All relevant information was extracted and mapped, with extraction performed by the two main reviewers, followed by final data verification using the Bing AI tool^(13)^. As this is a descriptive review, any measures of effect were considered and used in the qualitative synthesis.
Reporting bias
To reduce the likelihood of reporting bias, a comprehensive search strategy was conducted through seven electronic databases, including a non-English language database (LILACS). Additionally, a search of grey literature was also conducted to check for the existence of studies meeting eligibility criteria but not yet published.
RESULTS
Selection of sources of evidence
The flow of studies through the scoping review process is presented in Figure 1. A total of 1.225 articles were retrieved from seven electronic databases. After removing duplicates, 1.012 references remained. Subsequently, 948 studies were excluded based on eligibility criteria. Four articles could not be located even after contacting the authors. A search of grey literature, reference lists, and an update of the databases on November 3, 2023, were also conducted, resulting in 69 studies for full-text reading. After the full-text review (second phase), 8 articles were excluded (see Appendix B). Based on the established inclusion criteria, 61 studies were identified as suitable for qualitative synthesis and results mapping.

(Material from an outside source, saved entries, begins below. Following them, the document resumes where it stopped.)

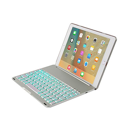 iPad Mini 4 Keyboard Case,TechCode 7 Colors LED Backlit Bluetooth Wireless Keyboard Case Smart Stand Colorful Case for iPad Mini 4 7.9 inch Tablet(iPad Mini 4, Sliver)
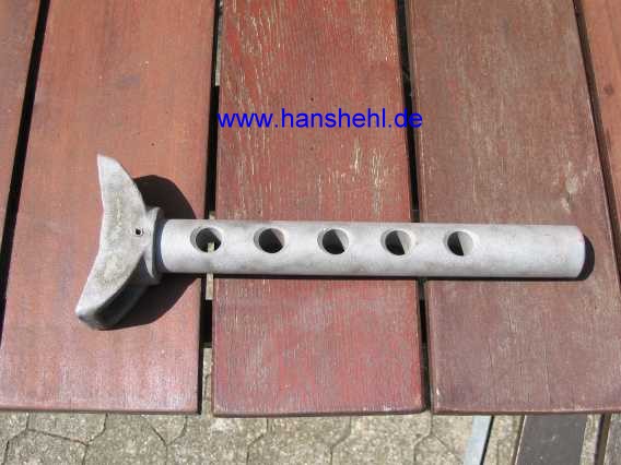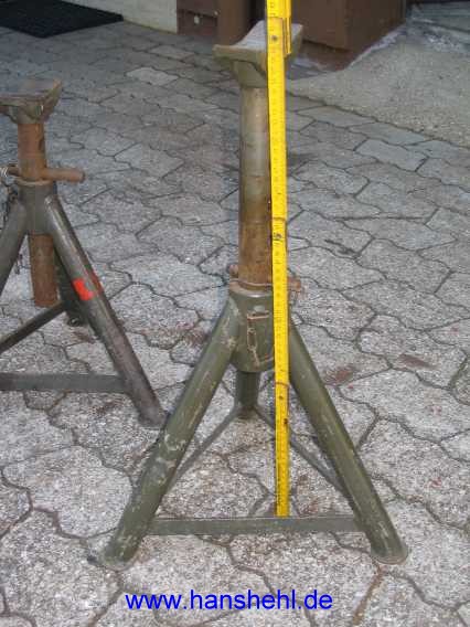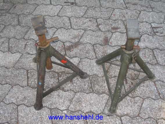 | Also Sandstrahlen siehe Tipp 2, Abschnitt 6, chemisch entrosten sieheTipp 2, Abschnitt 2, mit Drahtbürste blank polieren und auch grundieren und lackieren. Da war die Bundeswehrfarbe oliv Ral 6003 gerade recht. Rechts und links (4.Bild) stehen zwei Unterstellböcke für 1,5 to. | ![]() |
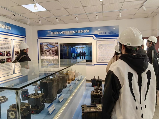 企业技术研发工作人员向团队展示各式各样生产成果,包括机器零部件、机械设备、电子元件等,所涉及领域覆盖航空航天、船舶制造业、汽车制造业等。
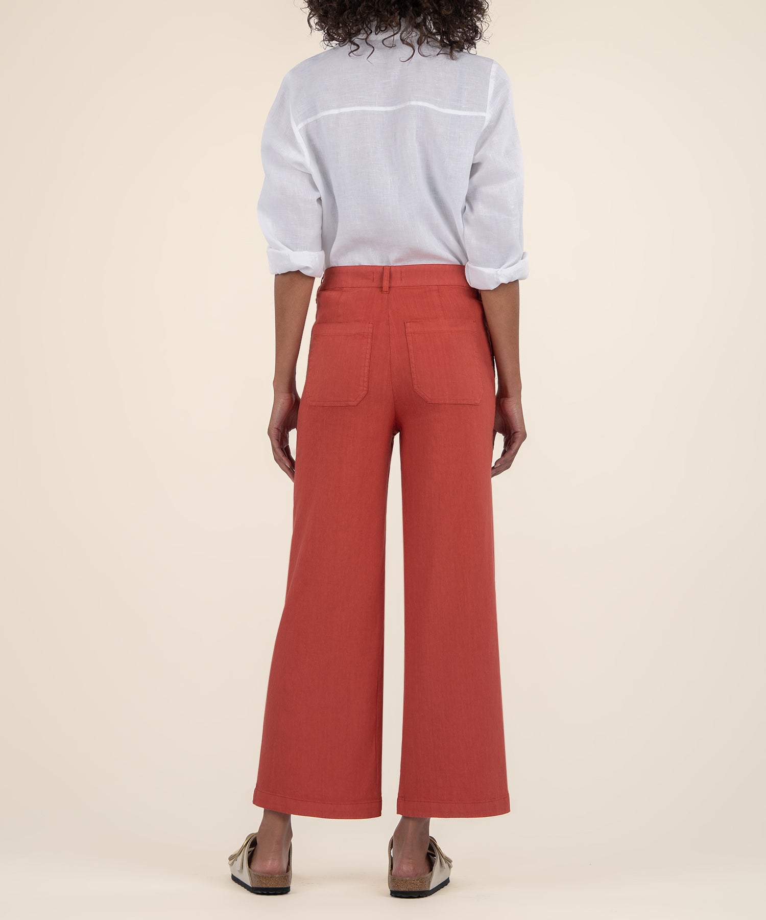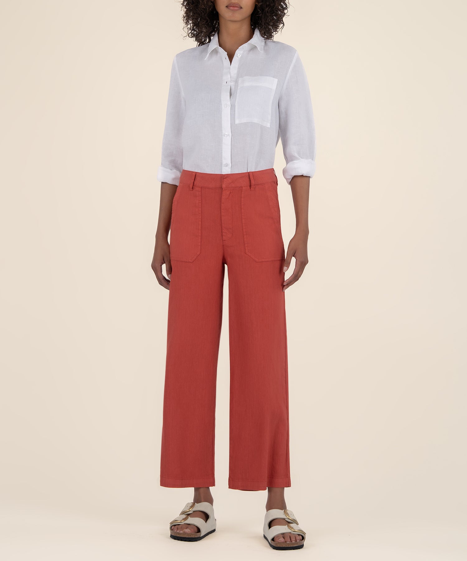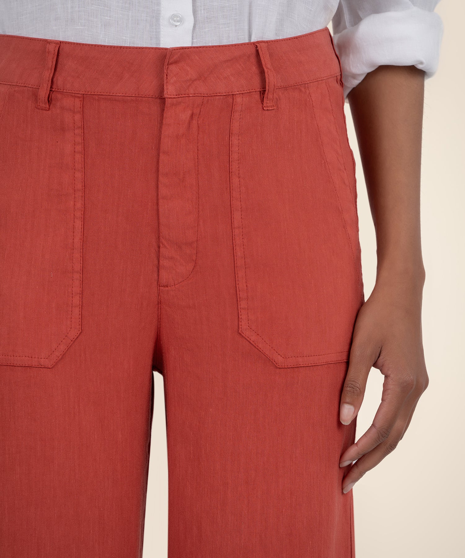 • These wide-leg ankle pants, crafted from a breathable linen blend and featuring porkchop pockets, are a versatile and timeless addition to your casual collection.
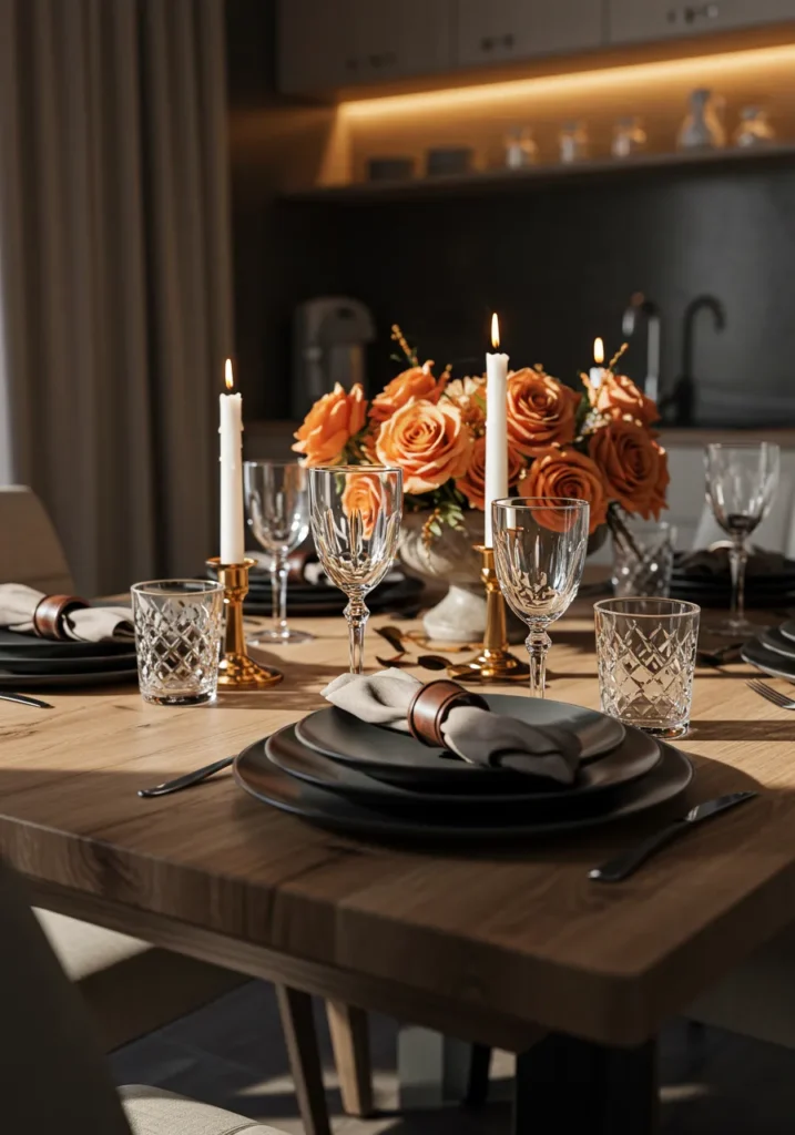 Here we have a modern take on Thanksgiving elegance. Black plates sit on a sleek wooden table, paired with taupe napkins tucked into leather rings. Crystal glasses sparkle under the soft glow of candlelight, while a lush centerpiece of orange roses brings the perfect autumn warmth.
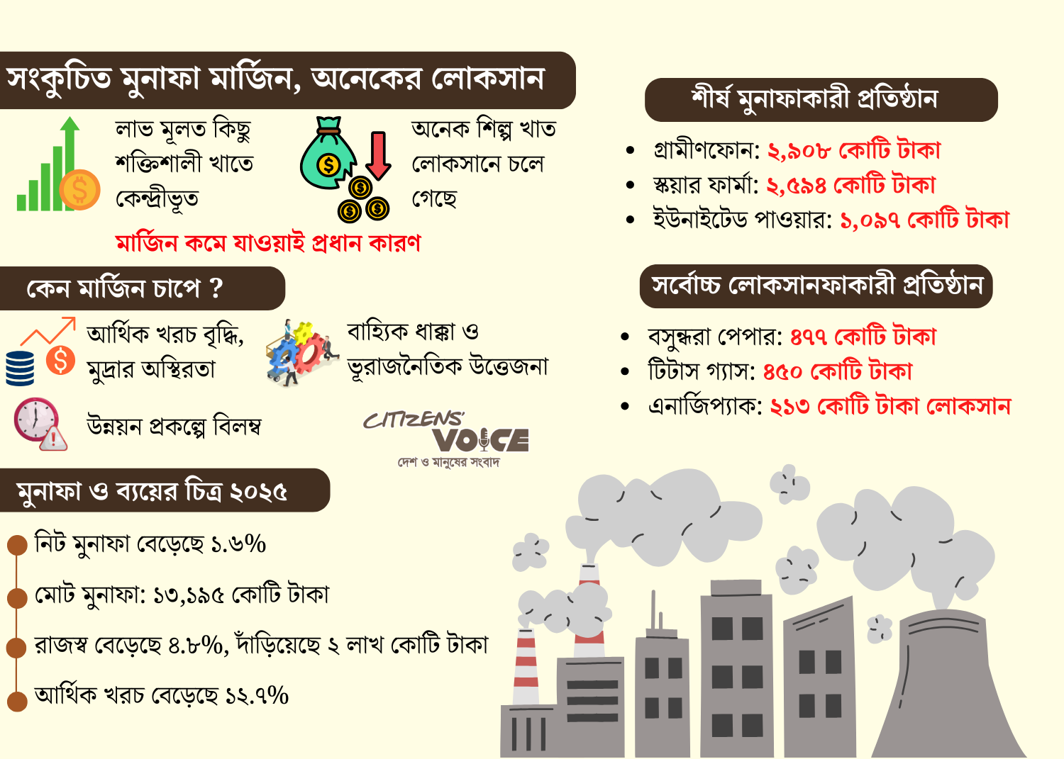 বিশ্লেষকদের মতে, ২০২৫ সালের শেষ প্রান্তিকে পরিস্থিতি আরও খারাপ হয়। ওই সময়ে আগের প্রান্তিকের তুলনায় আয় কমেছে ২ শতাংশ এবং মুনাফা কমেছে প্রায় ১০ শতাংশ। নির্বাচনের পর অর্থনৈতিক পরিস্থিতি কিছুটা উন্নতির আশা তৈরি হলেও আন্তর্জাতিক উত্তেজনা, বিশেষ করে মধ্যপ্রাচ্য পরিস্থিতির কারণে সেই আশাবাদ টেকেনি।

Literature search flowchart and selection criteria
Characteristics of sources of evidence
The included studies were published from 1999^(15)^ to 2023^(16-19)^. The sample sizes of the studies ranged from one^(18)^ to 3408^(16)^ participants, with ages ranging from ten months^(20)^ to 94^(21,22)^ years. Most studies utilized some form of clinical evaluation with imaging or sound examination as a comparator in the analyses or as an objective to enhance the examination for diagnosis. Videofluoroscopy swallowing study (VFSS) was utilized in studies^(16,23-28)^, with four of them concurrently using high-resolution manometry^(27,29-31)^, only two studies^(32,33)^ used fiberoptic endoscopic evaluation of swallowing (FEES), and 2 studies reported electromyography use^(3,17)^. Sound resources as an auxiliary method in evaluation were also used^(17,21,25,26,28,34-46)^. Only one study focusing on therapeutic biofeedback and without information on associated examination methodology was found^(47)^.
Regarding the underlying diseases present in the patients participating in the studies, there is a predominance of various neurological diseases, with stroke being the most cited in 12 studies^(16,18,21,22,27,32,36,40,46,48-51)^, neurodegenerative diseases like Parkinson's were present in 3 studies^(22,24,27)^, and two studies mentioned esophageal alterations^(42,52)^. Many studies did not report the population's pathology or had no applicability due to the research methodology. The algorithms used varied within the classification of Machine Learning^(2,3,16,20,25-28,30,32,35,37,39,40,42,44,45,48-50,53-62)^, Deep Learning^(17-19,21-24,29,31,33,34,36,38,41,43,46,51,52,57,63-75)^, and Computer Vision^(15,47)^ (Figure 2). Several studies have reported high accuracy in using AI and machine learning techniques for dysphagia assessment. For instance, deep learning models like U-Net and CNNs have achieved performance metrics such as F1 scores exceeding 0.9 and accuracy rates of 97.8%, indicating their robustness in detecting swallowing events and anatomical structures. Other methods, including support vector machines (SVM) and Mask-RCNN, have demonstrated high accuracy in classifying swallowing events, with metrics like sensitivity and specificity reaching over 90%. These findings emphasize the potential of AI-driven tools in improving diagnostic accuracy for dysphagia^(51,68,69,75)^.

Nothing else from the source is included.